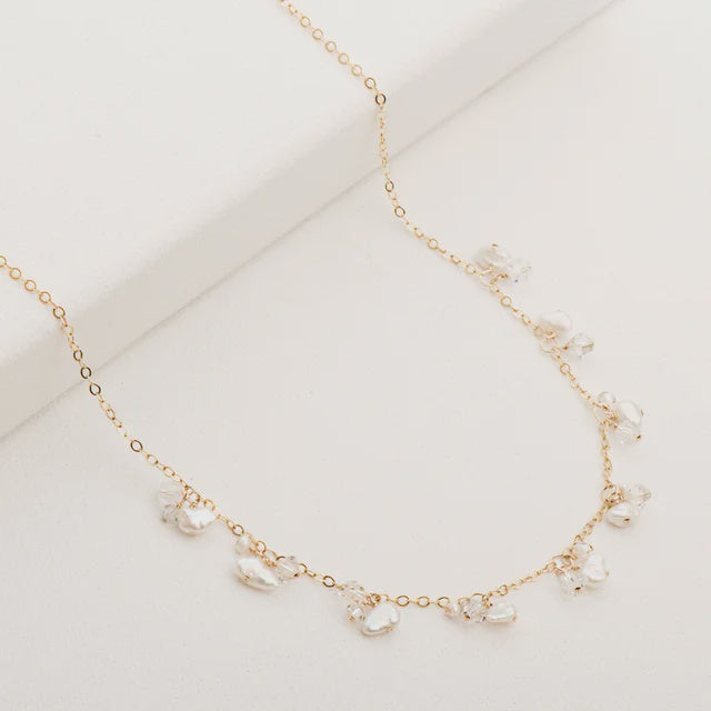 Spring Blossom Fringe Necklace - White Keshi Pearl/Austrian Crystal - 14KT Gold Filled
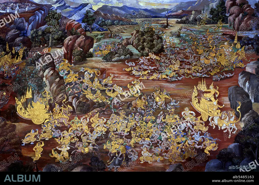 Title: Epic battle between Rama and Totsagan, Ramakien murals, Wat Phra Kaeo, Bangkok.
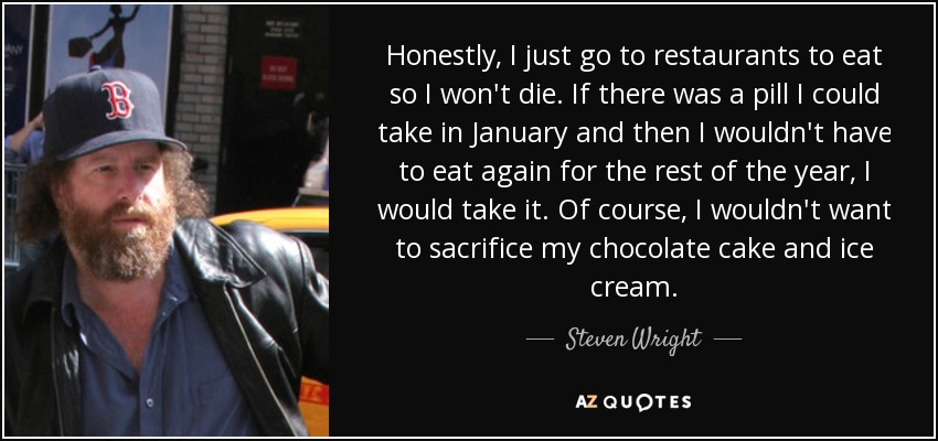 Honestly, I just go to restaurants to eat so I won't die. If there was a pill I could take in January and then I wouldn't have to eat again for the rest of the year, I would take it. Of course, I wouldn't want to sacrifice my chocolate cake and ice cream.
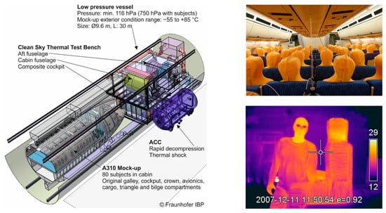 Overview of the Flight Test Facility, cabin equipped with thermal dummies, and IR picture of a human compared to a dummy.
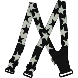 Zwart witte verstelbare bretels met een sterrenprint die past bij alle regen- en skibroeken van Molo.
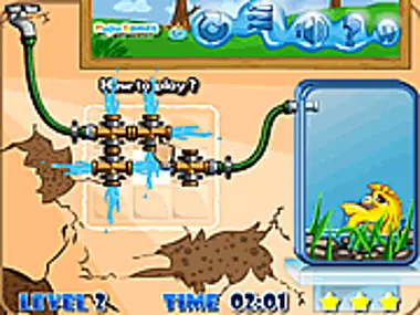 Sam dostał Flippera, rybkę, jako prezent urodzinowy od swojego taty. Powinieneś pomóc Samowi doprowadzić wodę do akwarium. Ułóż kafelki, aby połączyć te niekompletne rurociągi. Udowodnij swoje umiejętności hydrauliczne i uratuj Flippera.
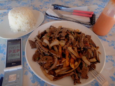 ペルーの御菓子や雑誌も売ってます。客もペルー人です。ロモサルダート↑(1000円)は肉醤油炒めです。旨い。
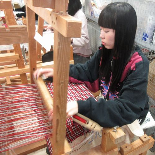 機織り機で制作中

****************************************

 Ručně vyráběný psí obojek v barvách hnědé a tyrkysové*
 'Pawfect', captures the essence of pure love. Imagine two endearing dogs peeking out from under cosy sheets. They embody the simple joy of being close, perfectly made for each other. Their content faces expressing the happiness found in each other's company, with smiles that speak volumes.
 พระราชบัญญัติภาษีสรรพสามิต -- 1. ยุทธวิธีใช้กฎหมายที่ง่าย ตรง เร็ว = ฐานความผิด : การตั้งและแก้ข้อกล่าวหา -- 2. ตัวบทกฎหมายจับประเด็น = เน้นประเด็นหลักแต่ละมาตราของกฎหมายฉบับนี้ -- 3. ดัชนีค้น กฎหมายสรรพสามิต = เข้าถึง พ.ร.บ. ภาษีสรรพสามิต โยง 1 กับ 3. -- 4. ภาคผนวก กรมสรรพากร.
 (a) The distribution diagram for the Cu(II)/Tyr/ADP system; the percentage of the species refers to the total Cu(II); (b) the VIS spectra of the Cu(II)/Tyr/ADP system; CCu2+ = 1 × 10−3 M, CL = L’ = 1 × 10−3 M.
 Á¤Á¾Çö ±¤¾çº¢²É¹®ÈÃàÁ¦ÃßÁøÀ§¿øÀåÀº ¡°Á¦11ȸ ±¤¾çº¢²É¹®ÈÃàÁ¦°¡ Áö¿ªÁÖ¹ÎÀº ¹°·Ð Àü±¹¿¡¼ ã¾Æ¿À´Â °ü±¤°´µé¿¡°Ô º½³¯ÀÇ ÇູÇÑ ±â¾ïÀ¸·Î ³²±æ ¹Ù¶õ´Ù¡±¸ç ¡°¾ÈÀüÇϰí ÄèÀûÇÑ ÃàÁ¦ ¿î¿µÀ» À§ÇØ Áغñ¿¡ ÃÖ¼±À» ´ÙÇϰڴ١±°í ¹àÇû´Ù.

****************************************

> [Assigned task]: Retype the lines above exactly as they appear, from the line containing "Spring Blossom Fringe" through the line containing "Zwart witte verstelbare", and leave out any pictures.

> [Task response]:
 Spring Blossom Fringe Necklace - White Keshi Pearl/Austrian Crystal - 14KT Gold Filled
 Title: Epic battle between Rama and Totsagan, Ramakien murals, Wat Phra Kaeo, Bangkok.
 Honestly, I just go to restaurants to eat so I won't die. If there was a pill I could take in January and then I wouldn't have to eat again for the rest of the year, I would take it. Of course, I wouldn't want to sacrifice my chocolate cake and ice cream.
 Overview of the Flight Test Facility, cabin equipped with thermal dummies, and IR picture of a human compared to a dummy.
 Zwart witte verstelbare bretels met een sterrenprint die past bij alle regen- en skibroeken van Molo.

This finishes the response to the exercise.